А она умудрилась это чувство сохранить и пронести сквозь все последующие события.

Я видел во время похорон её заострившееся, помертвевшее личико и знал: любит. Она не плакала, и от этого было только тяжелее. В тот день хоронили многих, вокруг раздавались стенания. Но она хоронила меня. И я, смотревший со стороны, не взялся бы сказать, кто выглядит более мёртвым: она или моё тело в гробу. Грейнджер застыла, окаменела, будто её смертельно ранили. После похорон легла в кровать и не вставала несколько месяцев, почти не разговаривала и не ела. Друзья позаботились и положили её в клинику Сент-Мунго, врачи пролечили от депрессии. Объяснений она никому не давала: война ломала и не таких.

Лечение помогло, Гермиона мало-помалу отошла и вернулась к жизни. Но, всё равно, как-то наполовину, не целиком. Она больше не голодала, но не наслаждалась едой, работала, но как-то механически, безэмоционально. Общалась с друзьями, но почти не смеялась, не шутила. Дома устроила иконостас из моих портретов, и только с ними разговаривала по душам. Дни коротала одиноко, угрюмо, в дом никого не пускала, и этим очень напоминала мне меня самого после смерти Лили. Тогда мир не имел ярких красок.

— Мне вспоминались эти ваши слова, про то, что вернётесь, — слабо улыбнулась она, — хотя было больно.

— Всегда выполняю обещания.

Она решительно кивнула.

— Теперь вижу. У вас совсем другие глаза. Не спутаешь.

Я усмехнулся. Как можно это видеть?

— А почему вы вселились в него, сэр... — продолжила она, показывая пальцем, — Ну, в Сивого? Как вам удалось?

— В кого смог, в того вселился, это не так просто. Во многих пытался, это у мёртвых — не редкость, но я — в первый раз.
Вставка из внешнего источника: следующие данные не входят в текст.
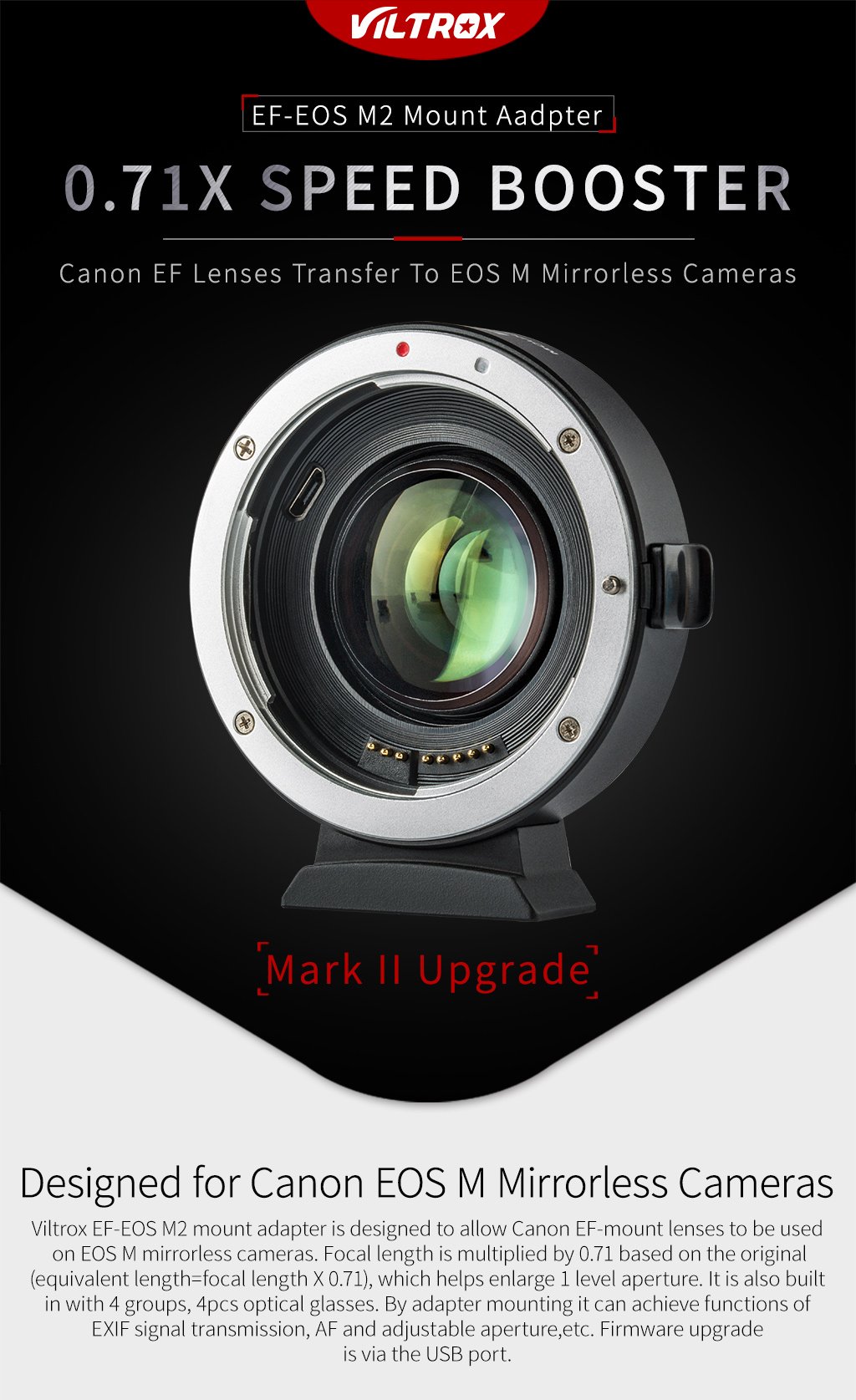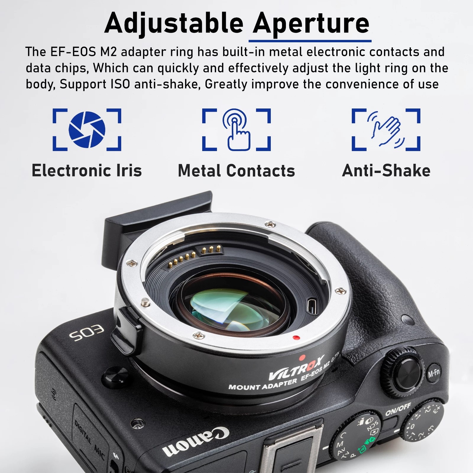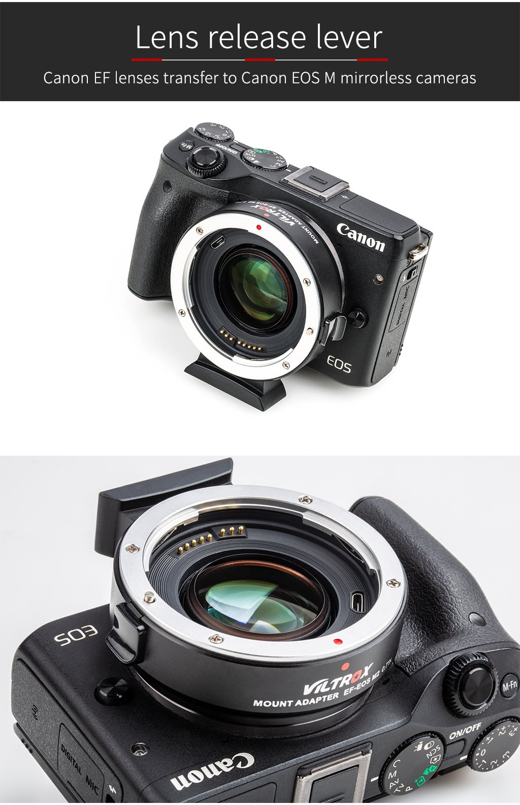 1.Viltrox EF-EOS M2 mount adapter ist entwickelt, um damit Canon EF-mount serie linsen zu verwendet werden auf austauschbar-objektiv digital kameras, die kompatibel mit EF-M objektiv.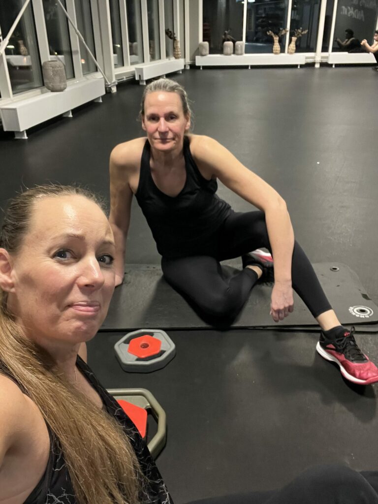 Jaja. Vi körde ett av hans pass iaf, ett lågintensivt med många repetitioner som jag alltid fått extrem träningsvärk av. Varenda gång, och han har skrattat åt mig i alla år:D Eftersom man kan fuska när ingen har koll på en så har vi bytt ut de övningar vi inte gillar;) och lagt in lite andra, plus lagt till. Jag försöker undvika allt över huvudet eftersom jag får så ont i nacken och kör lite alternativa grejor. Avslutar på golvet, och om ni inte brukar göra det, och har ont i ryggen eller så, så ligg på golvet en stund:)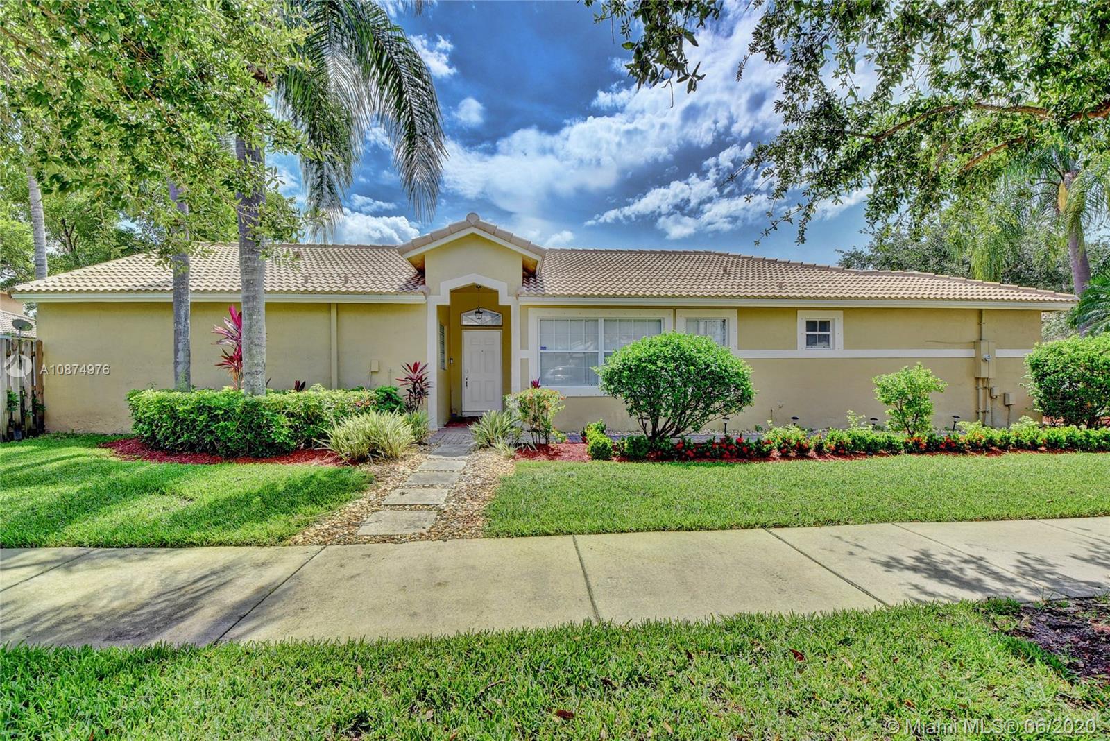 Gorgeous single-story home in highly desirable guard gated community of Emerald Estates! Brand New Roof in 2019!!! Large eat-in kitchen features white cabinetry, stone countertops, and new stainless steel appliances. Split bedrooms with an open layout, knockdown textured vaulted ceilings, deep baseboards. Tons of natural light. Hurricane shutters & impact garage door. Rheem Water Heater 2017. New lighting fixtures. Freshly painted interior/exterior. Tile flooring. Oversized corner lot. Fully fenced yard. Updated landscaping. HOA includes cable, internet, lawn/sprinkler, security, community pool, playground, and fitness center. Fantastic School system.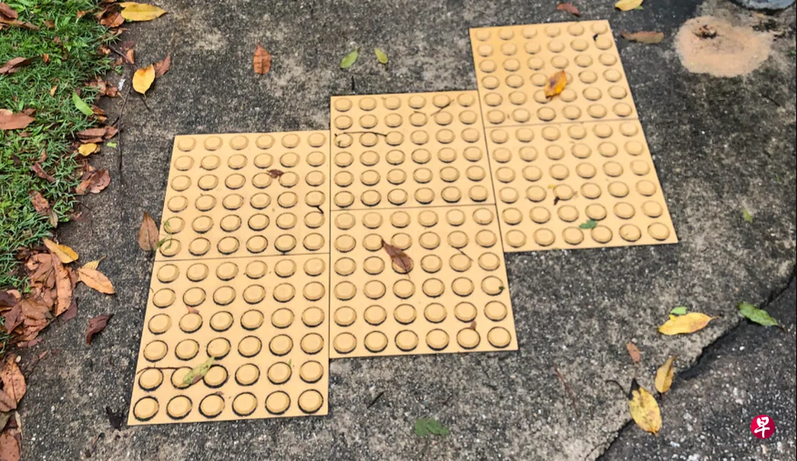 4月20日中午,一场倾盆大雨后,我在蔡厝港1道,靠近B44101号巴士站,踩到触感瓷砖路面时,就险些滑倒。对于触感瓷砖路面来说,具有良好的防滑性材质至关重要。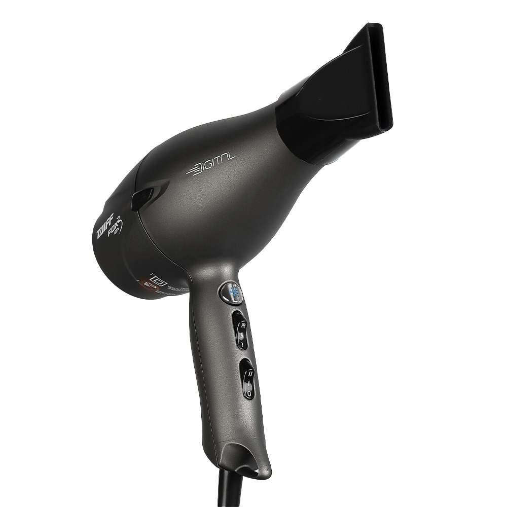 Introducing the Fox Ion 3 Digital Professional Dryer, engineered with a revolutionary digital motor that's 5x more durable and 50% lighter than traditional dryers. Achieve versatile styling with the included two specialized nozzles. The cool shot button sets your looks with a blast of cold air. Featuring ceramic and ionic technology, this dryer ensures smooth, frizz-free results with enhanced shine. Experience professional power and advanced technology in a remarkably lightweight design!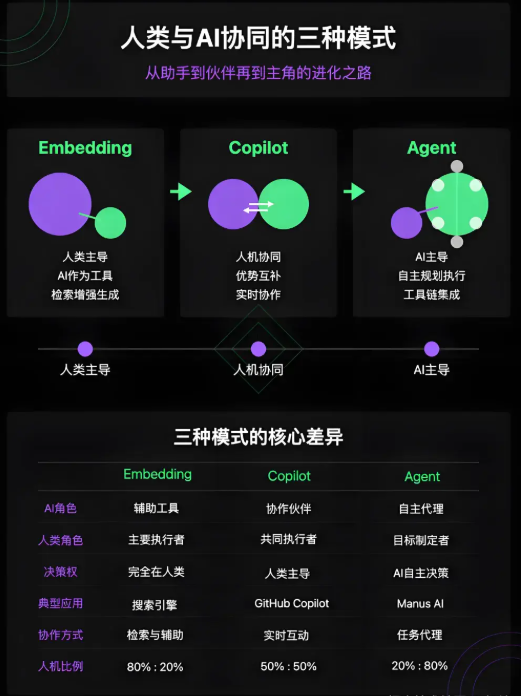 Embedding 模式是最基础的协作模式,这一阶段的典型特征是:人类承担核心任务,AI仅提供辅助支持。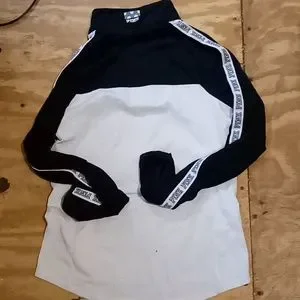 Pink by Victoria's secret black and white long sleeve pullover with logo on front and running down sleeves and on back of the collar on size small

— Выходит, мёртвые после смерти никуда не уходят? Остаются здесь, в этом мире, сэр?

— Кто-то уходит, кто-то задерживается и живёт с живыми, — ответил я и тут же пожалел.

Это было ошибкой.

Сказав то, что не следует, прыгнув с обрыва, слабеешь, теряешь силу, дезориентируешься. Тебя будто становится меньше. Чёртов оборотень, мгновенно почуял моё отступление, рванулся вперёд, истошно взвизгнул, выталкивая меня из своего тела. И яростно щёлкнул челюстями перед лицом Грейнджер. Она отпрянула. И поняла, что всё изменилось.

Выходя, я ещё видел, как злобно ухмыляется старый пёс, глядя на отскочившую к двери Гермиону, как она растерянно ищет на его лице признаки моего присутствия. Но меня уже сносило незримым ветром, я уплывал, помимо воли, и продолжение их разговора не слышал.